I'm glad YOU said it


----------



## esoteric (Dec 10, 2005)

coming from you i don't know if it is an insult or legit... LOL


----------



## el_duderino (Aug 1, 2005)

esoteric said:


> coming from you i don't know if it is an insult or legit... LOL


I don't insult people (in all seriousness, show me one time that I've insulted a person) but I do criticize companies and products - and installations.

I don't find a stick of butter hanging under a rear deck to be particularly compelling or innovative... but apparently some do:

http://forums.bimmerforums.com/forum/showthread.php?t=619571


----------



## esoteric (Dec 10, 2005)

C'mon el duerino, I was almost for sure they were going to use some changer brackets to mount the copied box... because they (ED) own's the tooling i am sure. you know I see a BMW owner heading for a mockery...pulls up in shiney BMW, opens trunk and it says "E D" on a rhino lined box. brings to mind Viagra!

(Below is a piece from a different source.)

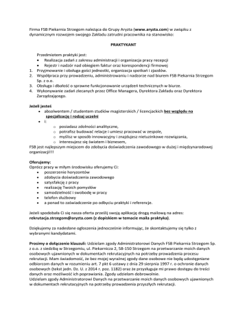 Firma FSB Piekarnia Strzegom należąca do Grupy Aryzta (www.aryzta.com) w związku z dynamicznym rozwojem swojego Zakładu zatrudni pracownika na stanowisko: PRAKTYKANT 1. 2. 3. 4. Przedmiotem praktyki jest: Realizacja zadań z zakresu administracji i organizacja pracy recepcji Rejestr i nadzór nad obiegiem faktur oraz korespondencji firmowej Przyjmowanie i obsługa gości jednostki, organizacja spotkań i zjazdów. Współpraca przy prowadzeniu, administrowaniu i nadzorze nad biurem FSB Piekarnia Strzegom Sp. z o.o. Obsługa i dbałość o sprawne funkcjonowanie urządzeń technicznych w biurze. Wykonywanie zadań zlecanych przez Office Managera, Dyrektora Zakładu oraz Dyrektora Zarządzającego. Jeżeli jesteś absolwentem / studentem studiów magisterskich / licencjackich bez względu na specjalizację i rodzaj uczelni i: o posiadasz zdolności analityczne, o potrafisz budować relacje i umiesz pracować w zespole, o myślisz w sposób innowacyjny i znajdujesz nietuzinkowe rozwiązania, o interesujesz się światem i biznesem, FSB jest najlepszym miejscem do zdobycia doświadczenia zawodowego w dużej i międzynarodowej organizacji!!! Oferujemy: Oprócz pracy w miłym środowisku oferujemy Ci: poszerzenie horyzontów zdobycia doświadczenia zawodowego satysfakcję z pracy realizację Twoich pomysłów samodzielność i swobodę w pracy telefon służbowy a ponad to zaświadczenie po odbyciu praktyki i referencje. Jeżeli spodobała Ci się nasza oferta prześlij swoją aplikację drogą mailową na adres: [email protected] (z dopiskiem w temacie maila praktyka). Dziękujemy za nadesłane ogłoszenia jednocześnie informując, że skontaktujemy się tylko z wybranymi kandydatami. Prosimy o dołączenie klauzuli: Udzielam zgody Administratorowi Danych FSB Piekarnia Strzegom Sp. z o.o. z siedzibą w Strzegomiu, ul. Piekarnicza 2, 58-150 Strzegom na przetwarzanie moich danych osobowych ujawnionych w dokumentach rekrutacyjnych na potrzeby prowadzenia procesu rekrutacji. Mam świadomość, że bez mojej wyraźnej zgody dane osobowe nie będą udostępniane odbiorcom danych w rozumieniu art. 7 pkt 6 ustawy z dnia 29 sierpnia 1997 r. o ochronie danych osobowych (tekst jedn. Dz. U. z 2014 r. poz. 1182) oraz że przysługuje mi prawo dostępu do treści danych oraz możliwość ich poprawiania. Zgody udzielam dobrowolnie. Udzielam zgody Administratorowi Danych na przetwarzanie moich danych osobowych ujawnionych w dokumentach rekrutacyjnych na potrzeby prowadzenia przyszłych rekrutacji.

Look BSW and ED both have a sealed enclosure strapped to the bottom of the rear package tray, both are hideous with the rhino liner, but after reading the link I have one statement and observation, out of all the BMW owners, subwoofer enclosure designs, and to make a product that would be superior than the other company, I would spend the extra 10 pennies and add some material to blend it... this is where i think ED is deceiving people. there is no way that one person would want the same ugly box, in the same ugly cover material, to hang in the same spot.... period. so i would say he is trying to fluff his company, which looks smaller than my "current" shop (more later on that) and continue to whore sub par junk out with added fluff statements.

ED is basic run of the mill junk, and i gauge it right there with power acoustik, boss, legacy, american bass.... all that offshore, off the shelf, junk.... oh wait,let me buy a piece of tool and say it is something that it is not...


I am done, but i would try suing if i wa a major company and had some foo c'mon and say his is better... or have some puppet do it...


----------



## hulklg (Sep 22, 2006)

*Update*

Hello Esoteric,

Probably going with Focal 100KP's in the front doors and tweets, 8" Earthquake SWS under the two front seats all powered by an Audison VR4.300. An 12" IDMAX powered by a Zapco 750.2 in a custom box for the rear. Either a batcap or Alumapro 50 farad cap and complete dynamat for the entire car. Will interface through the DQL-8 you suggested.

Also, probably opting to out of the strut grilles and do the AC Schnitzer exhaust with rear lip/apron only. Have you guys done any of those? How does that exhaust note sound if you have?

Thanks


----------